[Items from a dataset]
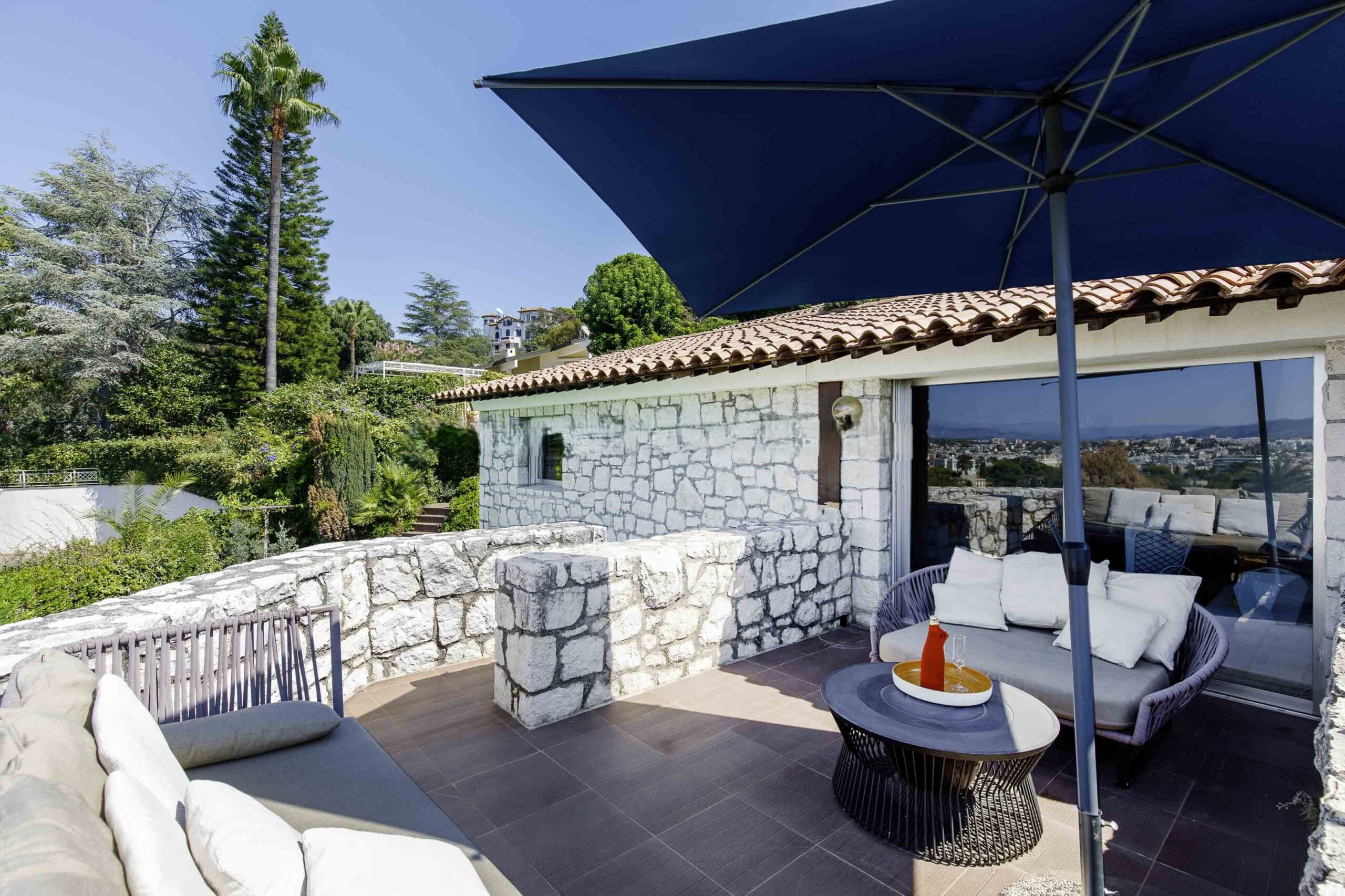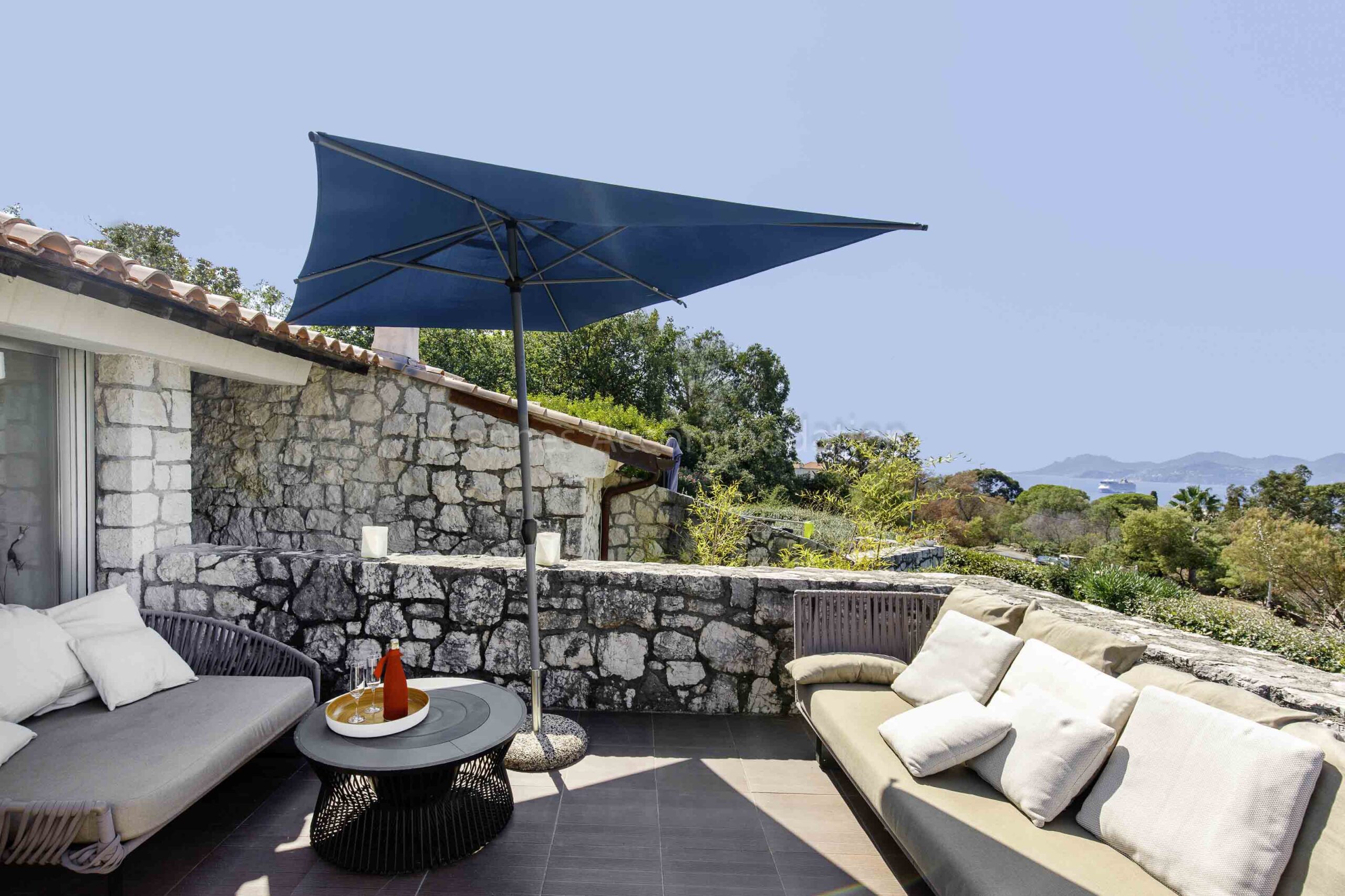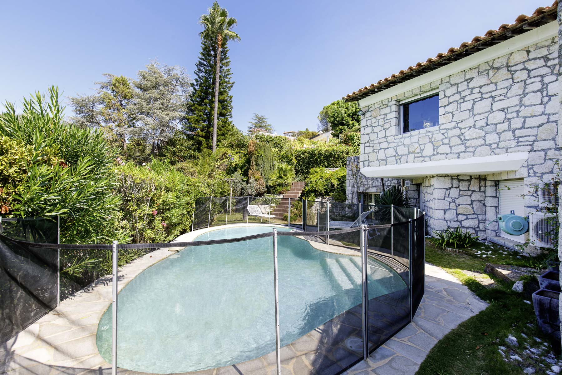 Located in the heart of Cannes, about 1.4 km from the Croisette and the beaches, this charming sea view villa sits in a small, secure residential domain of 12 villas. Set on a 500 sqm plot, it features a private fenced swimming pool with steps (8 m x 4 m, depth 0.80 m to 2.20 m), plus terraces furnished with outdoor seating and sun loungers. There’s also on site parking. A bus stop is right outside the domain, with shops and restaurants around 500 m away. The Palais des Festivals is about 3 km from the villa.
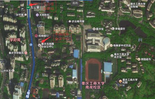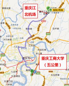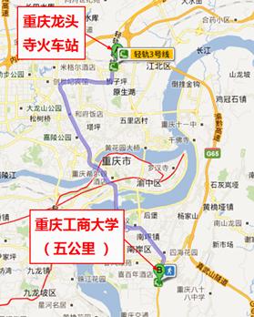 您可以选择乘坐飞机或火车抵达重庆。无论是飞机或火车,都可以直接乘坐重庆轻轨三号线到五公里(重庆工商大学)站下车就到(图1)。附近有学豪酒店、华商国际会议中心、拉斐皇廷酒店、喜百年酒店、洛可快捷酒店等。
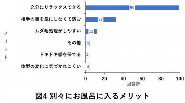 恋人やパートナーと一緒にお風呂に入っていない方には、別々にお風呂に入るメリットについて伺いました。
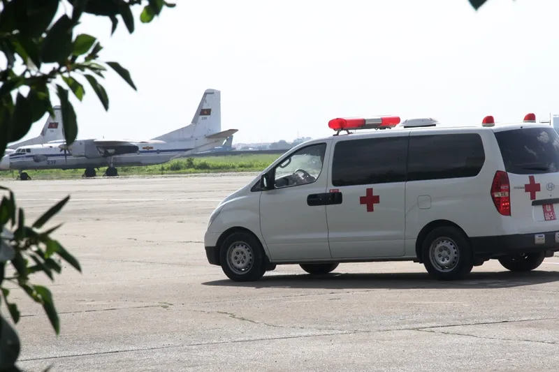 Xe cấp cứu cũng chờ sẵn để đưa bệnh nhân đến bệnh viện một cách nhanh nhất.
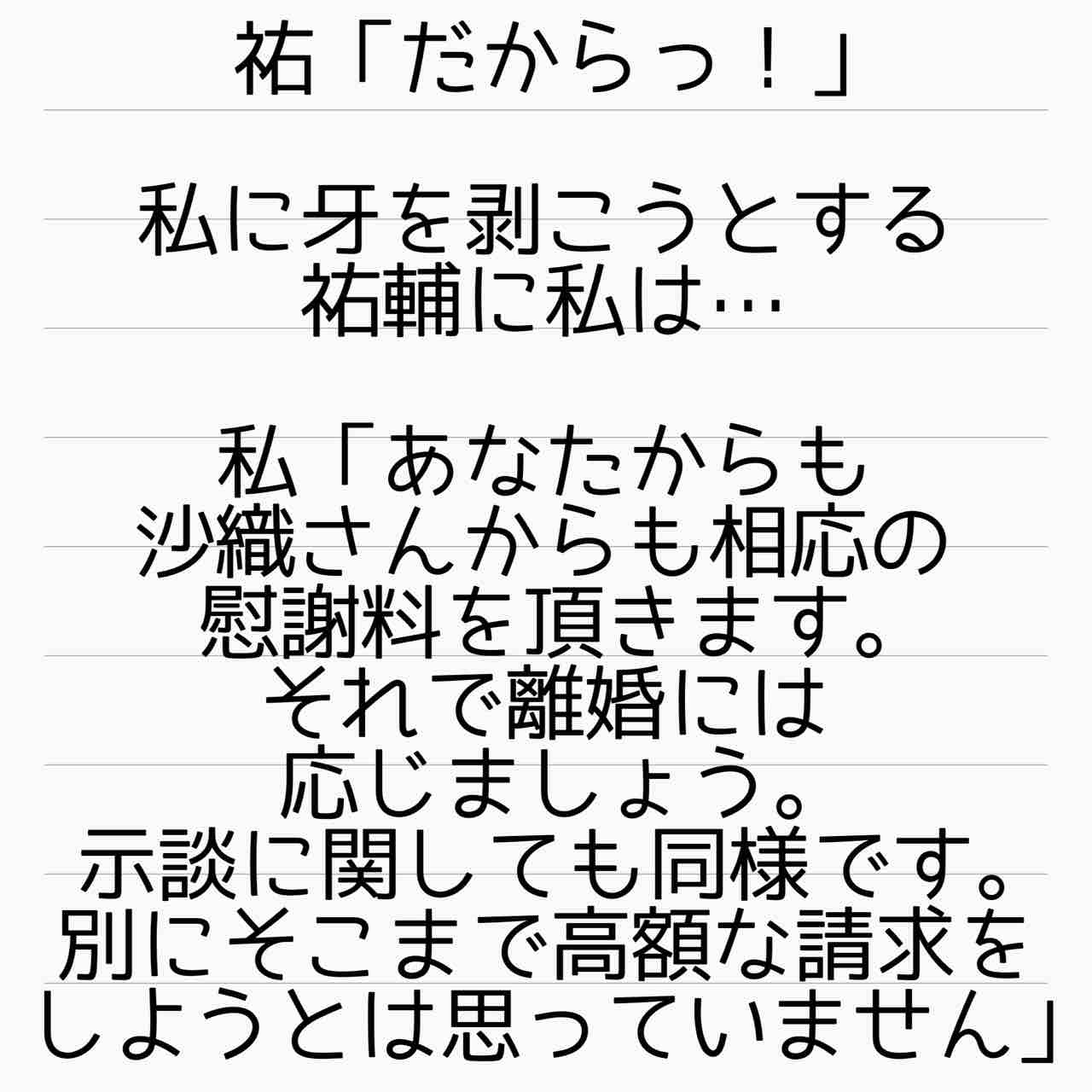 さおりんパパと、祐輔両親、どちらからも援助なく慰謝料を払えるのか見ものですね…
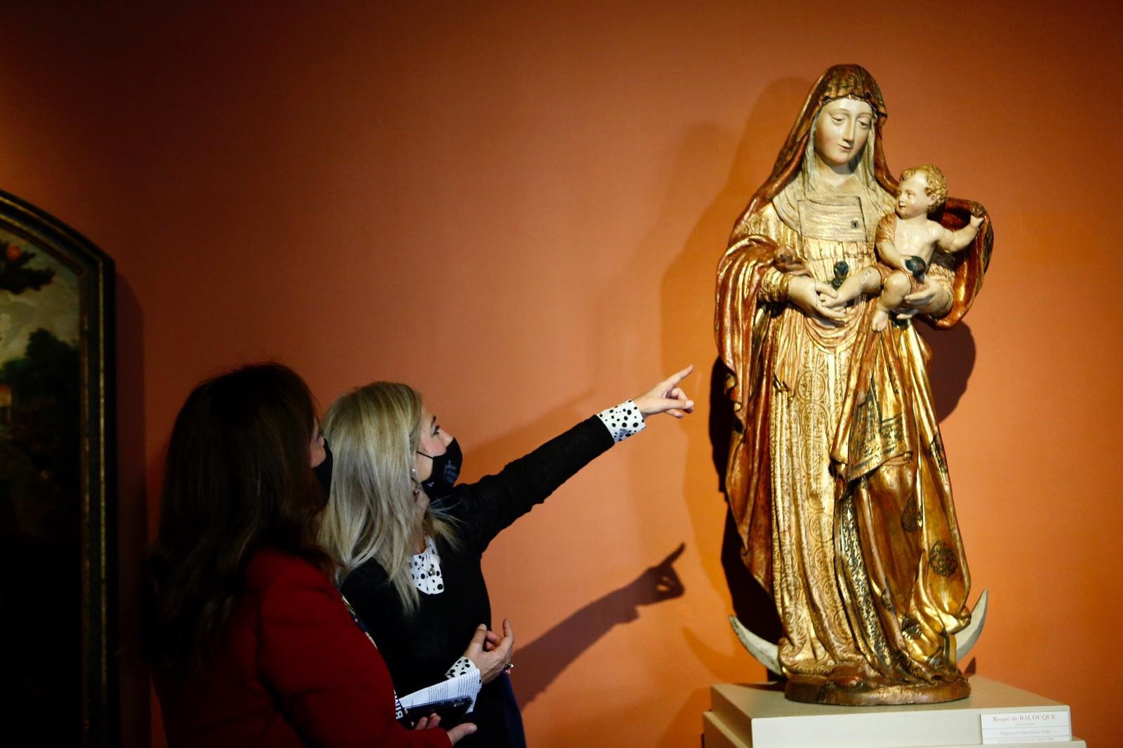 La consejera de Cultura, Patricia del Pozo, observa la talla de Roque Balduque en el Museo de Bellas Artes de Sevilla
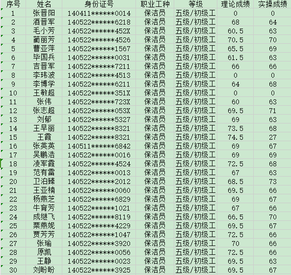 晉城市潔霸清潔服務(wù)股份有限公司職業(yè)技能等級認定中心現將2024年8月31日認定人員成績(jì)公示如下:
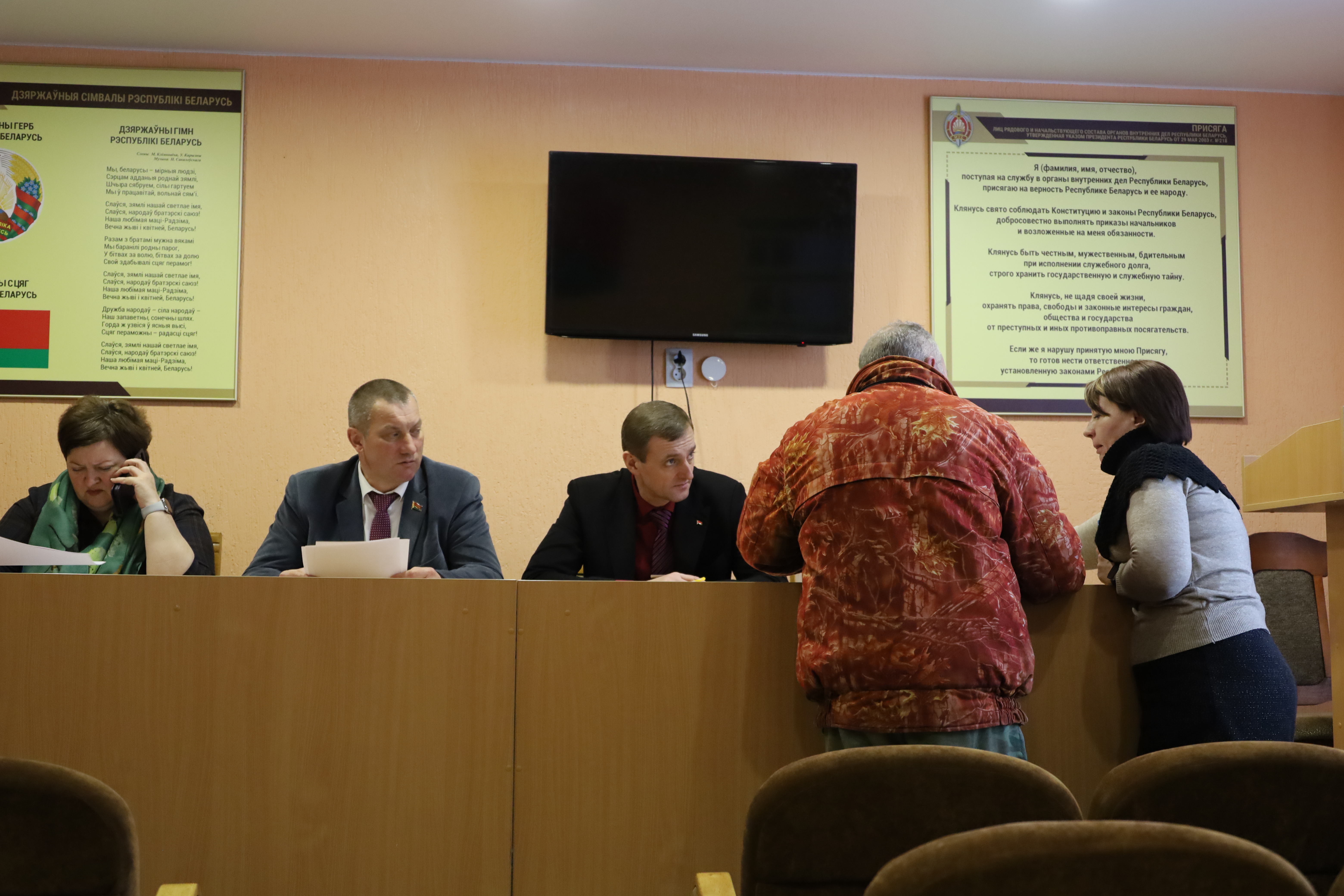 Выездное заседание постоянно действующей комиссии Октябрьского районного исполнительного комитета по координации работы по содействию занятости населения под руководством председателя районного Совета депутатов Александра Луцковича прошло на текущей неделе в РОВД. На него были приглашены граждане, которые состоят на учете в уголовно-исполнительной инспекции отдела внутренних дел и находятся в базе данных не занятых в экономике. Этой категории граждан, которые однажды оступились, но стали на путь исправления, нужна особая поддержка, в том числе и найти работу. Помочь им – задача всех заинтересованных служб. И члены комиссии помогают. Предлагают вакансии, которые соответствуют образовательному уровню гражданина, дают разъяснения о самозанятости, о видах деятельности, которые можно осуществлять без регистрации ИП, просто уплатив единый налог. Кто желает трудоустроится, тому оказывается полное содействие.

■ TASK OBJECTIVE ■
The required output is each record above, reproduced exactly, without its pictures.

■ RESULT OF THIS EXERCISE ■
 Located in the heart of Cannes, about 1.4 km from the Croisette and the beaches, this charming sea view villa sits in a small, secure residential domain of 12 villas. Set on a 500 sqm plot, it features a private fenced swimming pool with steps (8 m x 4 m, depth 0.80 m to 2.20 m), plus terraces furnished with outdoor seating and sun loungers. There’s also on site parking. A bus stop is right outside the domain, with shops and restaurants around 500 m away. The Palais des Festivals is about 3 km from the villa.
 您可以选择乘坐飞机或火车抵达重庆。无论是飞机或火车,都可以直接乘坐重庆轻轨三号线到五公里(重庆工商大学)站下车就到(图1)。附近有学豪酒店、华商国际会议中心、拉斐皇廷酒店、喜百年酒店、洛可快捷酒店等。
 恋人やパートナーと一緒にお風呂に入っていない方には、別々にお風呂に入るメリットについて伺いました。
 Xe cấp cứu cũng chờ sẵn để đưa bệnh nhân đến bệnh viện một cách nhanh nhất.
 さおりんパパと、祐輔両親、どちらからも援助なく慰謝料を払えるのか見ものですね…
 La consejera de Cultura, Patricia del Pozo, observa la talla de Roque Balduque en el Museo de Bellas Artes de Sevilla
 晉城市潔霸清潔服務(wù)股份有限公司職業(yè)技能等級認定中心現將2024年8月31日認定人員成績(jì)公示如下:
 Выездное заседание постоянно действующей комиссии Октябрьского районного исполнительного комитета по координации работы по содействию занятости населения под руководством председателя районного Совета депутатов Александра Луцковича прошло на текущей неделе в РОВД. На него были приглашены граждане, которые состоят на учете в уголовно-исполнительной инспекции отдела внутренних дел и находятся в базе данных не занятых в экономике. Этой категории граждан, которые однажды оступились, но стали на путь исправления, нужна особая поддержка, в том числе и найти работу. Помочь им – задача всех заинтересованных служб. И члены комиссии помогают. Предлагают вакансии, которые соответствуют образовательному уровню гражданина, дают разъяснения о самозанятости, о видах деятельности, которые можно осуществлять без регистрации ИП, просто уплатив единый налог. Кто желает трудоустроится, тому оказывается полное содействие.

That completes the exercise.